Isso somado à continuação das doações de campanha por parte de empresas (que nossos digníssimos parlamentares pretendem manter, e nosso digníssimo ministro Gilmar Mendes faz questão de burlar a lei e afrontar a democracia para ajudá-los a isso), garantirá que sempre nossa democracia não passe de uma enganação onde nós, cidadãos, legitimamos de maneira forçada um poder que serve apenas aos interesses de grupos econômicos e velhas oligarquias politiqueiras. Enfim, só nos resta parabenizar mais uma vez nossos ricos “pUderosos de plantão”, por se reinventarem a cada dia.

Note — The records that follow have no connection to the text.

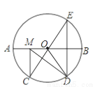 如图,在⊙O中,AB是⊙O的直径,AB=10, ,点E是点D关于AB的对称点,M是AB上的一动点,下列结论:①∠BOE=60°;②∠CED=∠AOD;③DM⊥CE;④CM+DM的最小值是10,其中正确的序号是______.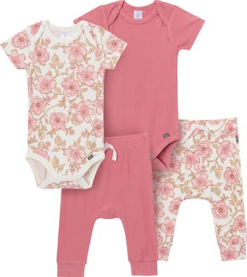 This soft and breathable baby outfit set includes stretch-enhanced bodysuits and easy pull-on pants designed for everyday comfort. Made from exceptionally soft viscose with spandex, each piece offers flexible movement and a lightweight feel that’s ideal for play, rest, or travel. The baby bodysuits feature lap shoulder necklines and leg snaps for quick, fuss-free dressing and diaper changes. The matching baby pants include a stretchy waistband for a secure fit that moves with your little one. Ribbed trim at the neckline and leg openings adds extra durability and helps maintain shape wash after wash. A thoughtful addition to any collection of baby clothes.
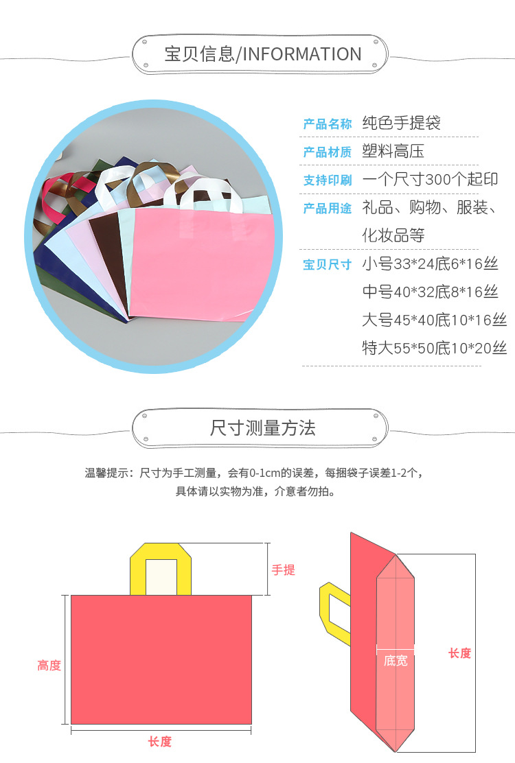 의류 매장 가방 투명 비닐 봉투 고급 선물 여성 의류 아동복 매장 휴대용 가방 의류 포장 도매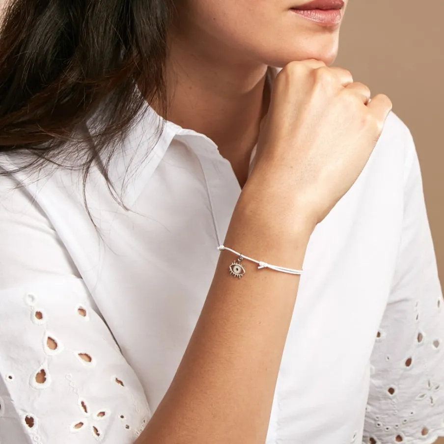 Bracelet Argent Blanc 925/1000 Pampille Oeil Cordon Blanc Ajustable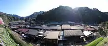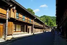 Perhaps its most interesting aspect, however, is the restored row of houses along the former post road. Most were houses built for common people in the mid-18th century, with shops and inns for travelers along the Nakasendō.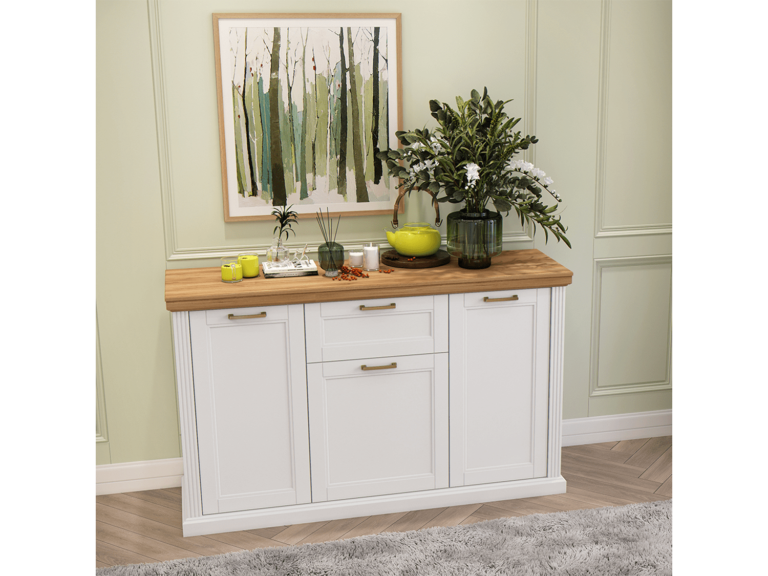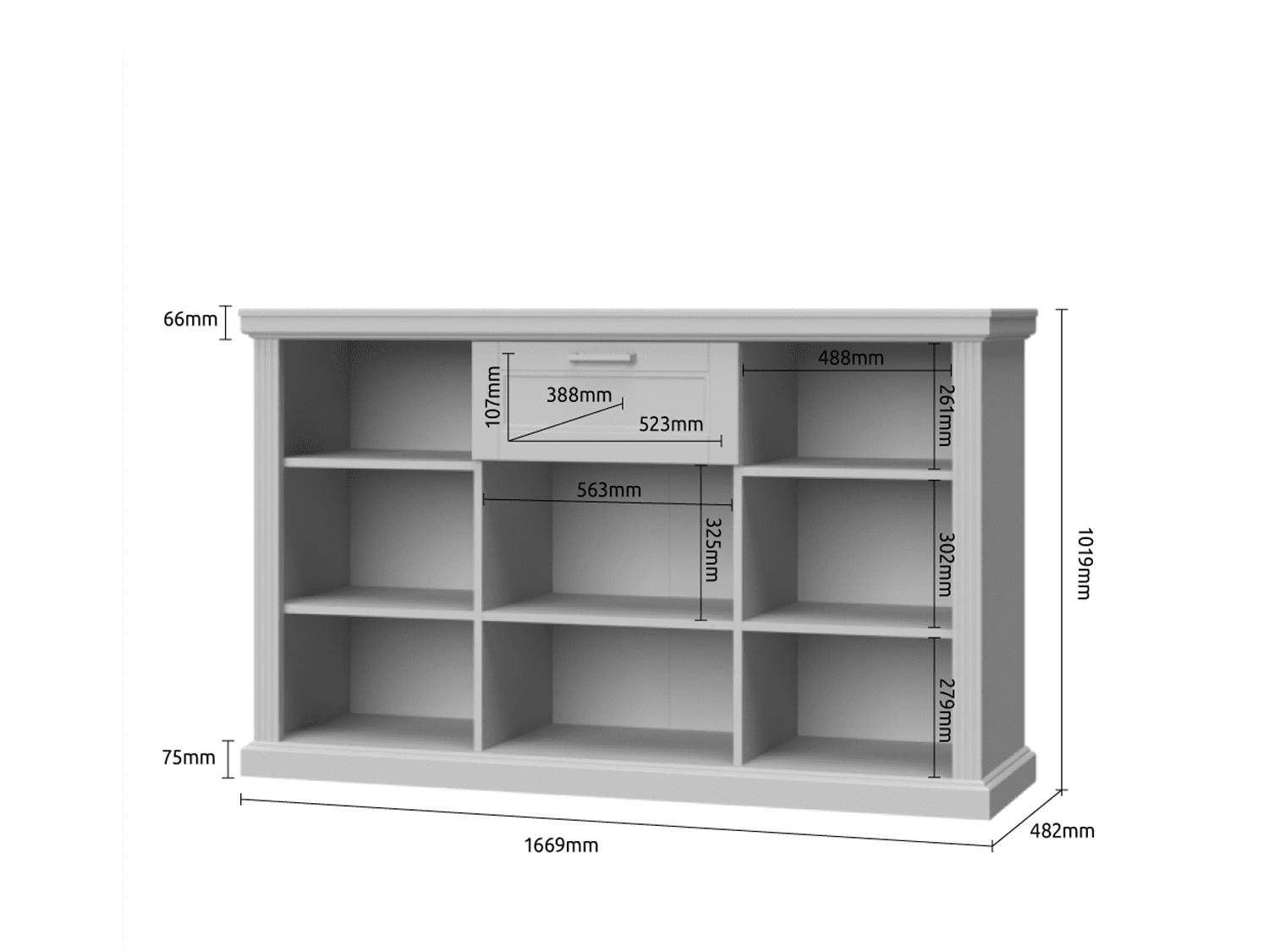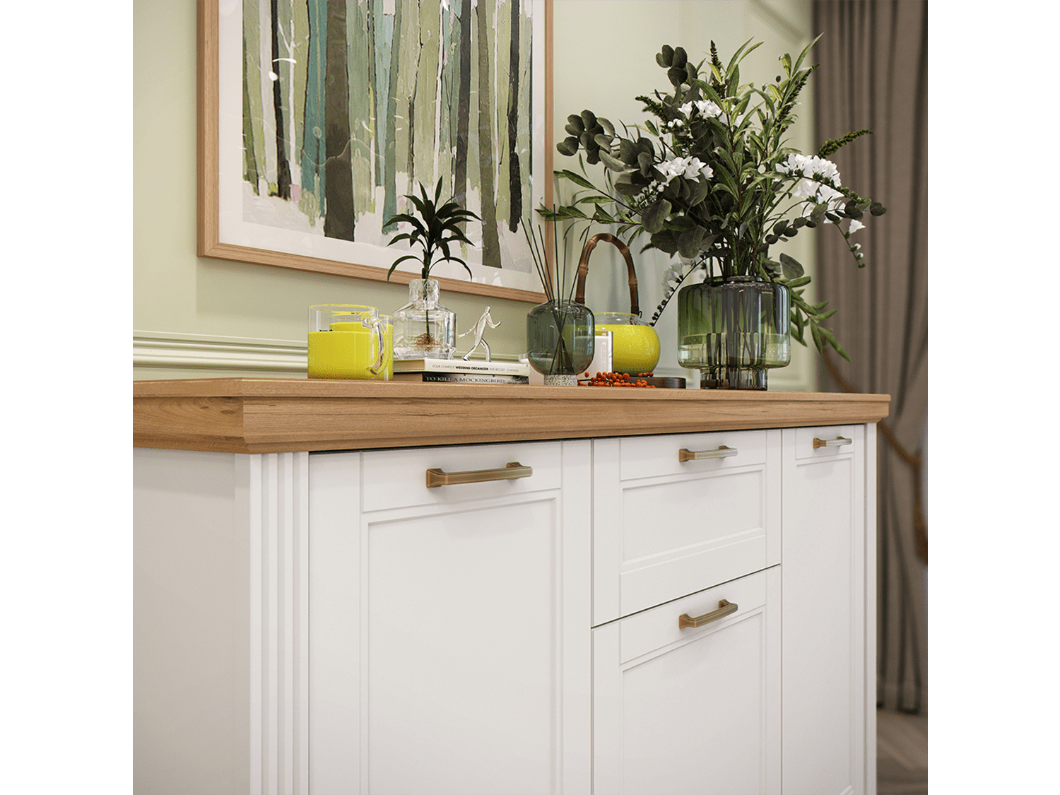 – Poseduje pet polica od univera, soft-close šarke, soft-close klizače i dekorativne ručice

Todas as manifestações populares que ocorreram nos últimos tempos só serviram para que nosso parlamento federal, liderado pelo Dep. Eduardo Cunha e pelo Sen. Renan Calheiros (dois exemplares dignos de representar nossa classe política brasileira, com louvor) botasse suas manguinhas de fora e, aproveitando-se da fragilidade do Executivo diante dos escândalos de corrupção que borbulham diariamente nos jornais, tomasse de vez para si o poder político da nação. Agora, pintam e bordam, melam-se e lambuzam-se nas tetas de nossa mansa democracia, aproveitando-se da inocência e da boa fé de todos nós, brasileiros. Estamos em vias de ver perdidas as últimas décadas de redemocratização em nosso país. Parece que a terra brasilis não nasceu para ser livre. Ao contrário, parece que sempre seremos escravos de grotescos senhores de engenho e suas capitanias hereditárias.

Mudam as roupas, permanecem as traças…

 * Edson José Travassos Vidigal foi candidato a deputado estadual nestas eleições pelo PTC, número 36222. É advogado membro da Comissão de Assuntos Legislativos da OAB-DF, professor universitário de Direito e Filosofia, músico e escritor. Especialista em Direito Eleitoral e Filosofia Política, foi servidor concursado do TSE por 19 anos. Assina a coluna A CIDADE NÃO PARA, publicada no JORNAL PEQUENO todas as segundas-feiras.